Source data:
::::::

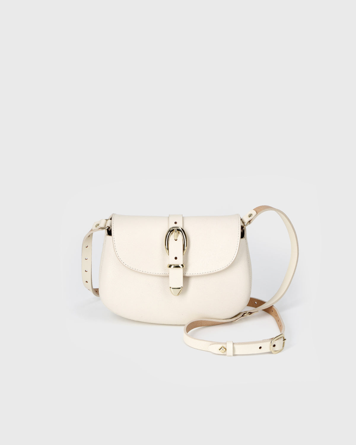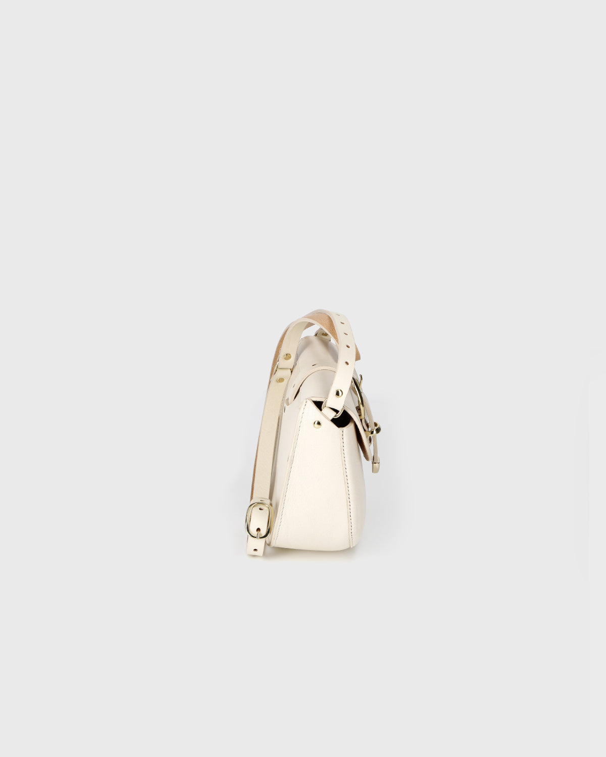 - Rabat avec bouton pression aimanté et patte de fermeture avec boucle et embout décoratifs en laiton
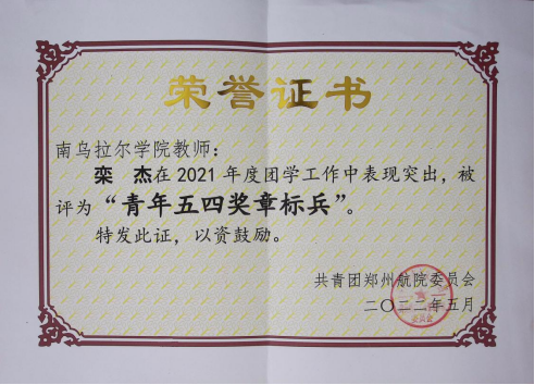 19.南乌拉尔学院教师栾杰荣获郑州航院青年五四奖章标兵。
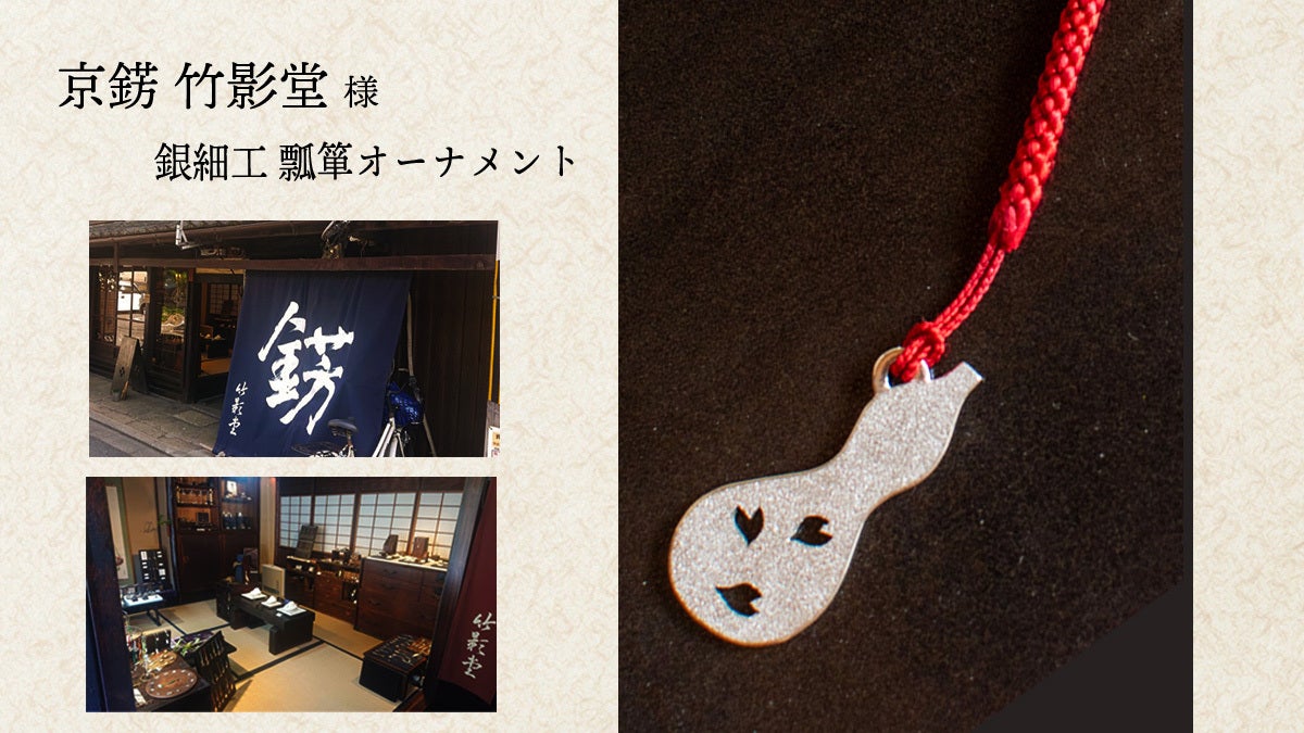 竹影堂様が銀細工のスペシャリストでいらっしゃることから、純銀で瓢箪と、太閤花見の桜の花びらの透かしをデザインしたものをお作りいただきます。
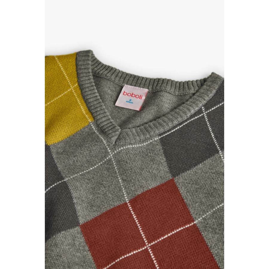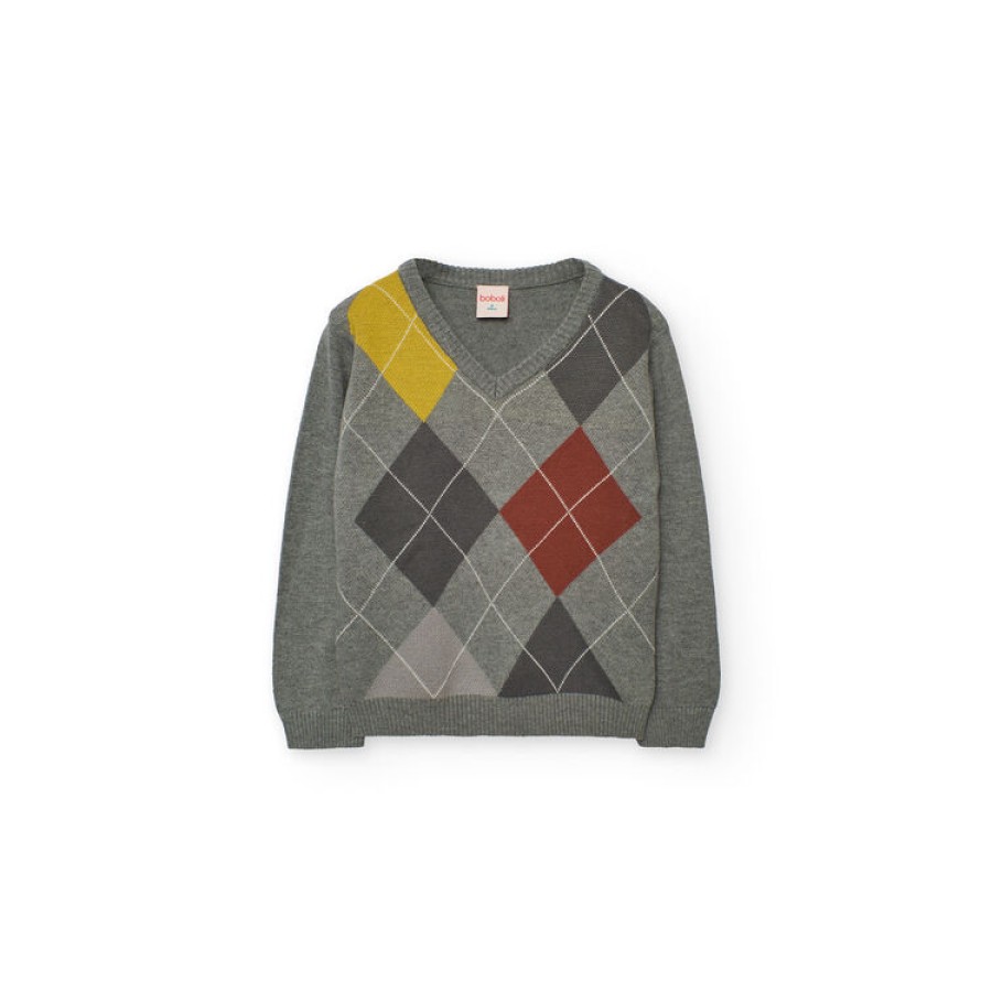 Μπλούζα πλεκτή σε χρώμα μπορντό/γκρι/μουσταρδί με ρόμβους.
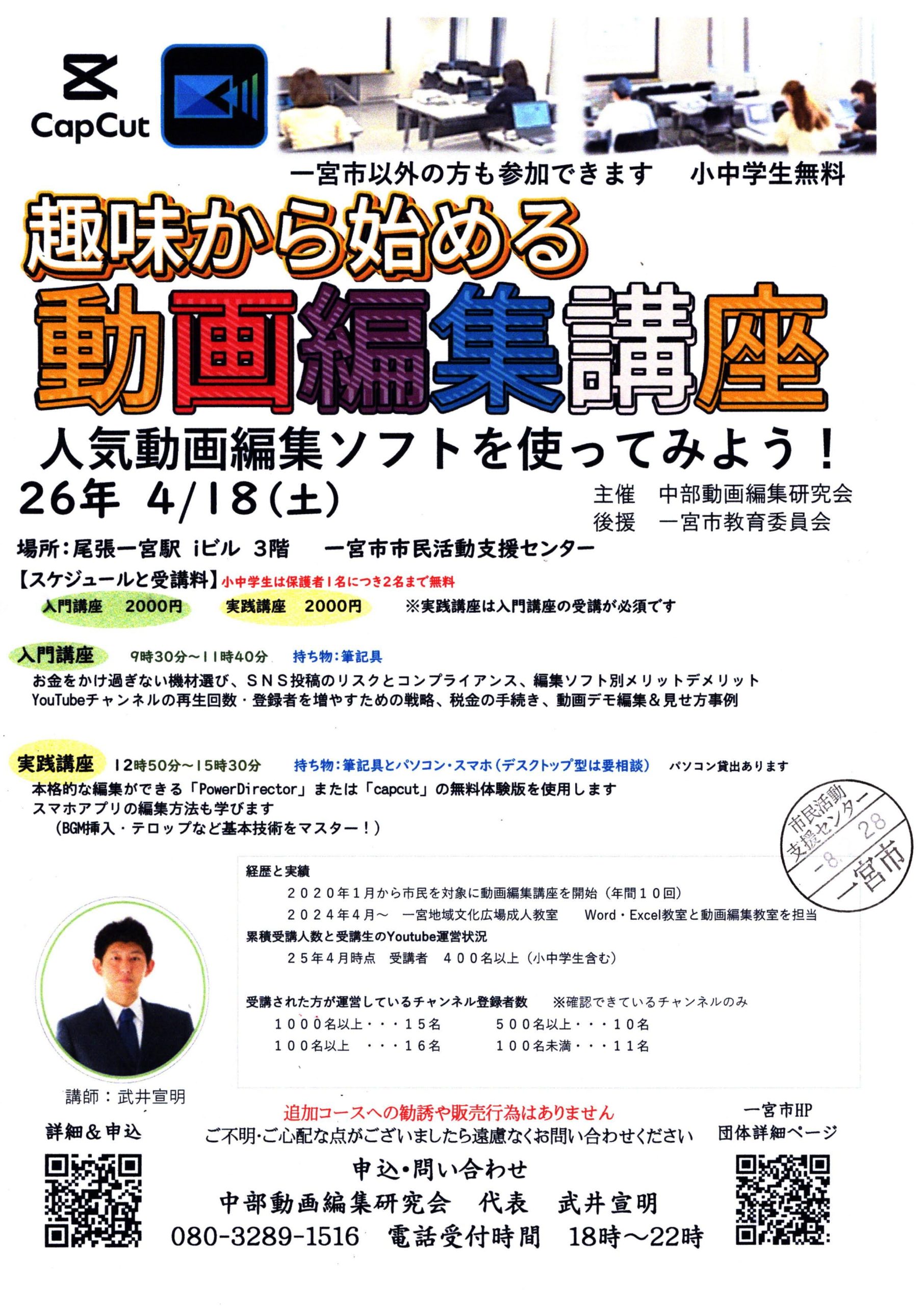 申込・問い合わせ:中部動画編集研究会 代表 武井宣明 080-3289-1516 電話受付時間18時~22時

::::::

§ **Your instructions**
Return all the data above as written, leaving out only the pictures.

§ **Task solution**
 - Rabat avec bouton pression aimanté et patte de fermeture avec boucle et embout décoratifs en laiton
 19.南乌拉尔学院教师栾杰荣获郑州航院青年五四奖章标兵。
 竹影堂様が銀細工のスペシャリストでいらっしゃることから、純銀で瓢箪と、太閤花見の桜の花びらの透かしをデザインしたものをお作りいただきます。
 Μπλούζα πλεκτή σε χρώμα μπορντό/γκρι/μουσταρδί με ρόμβους.
 申込・問い合わせ:中部動画編集研究会 代表 武井宣明 080-3289-1516 電話受付時間18時~22時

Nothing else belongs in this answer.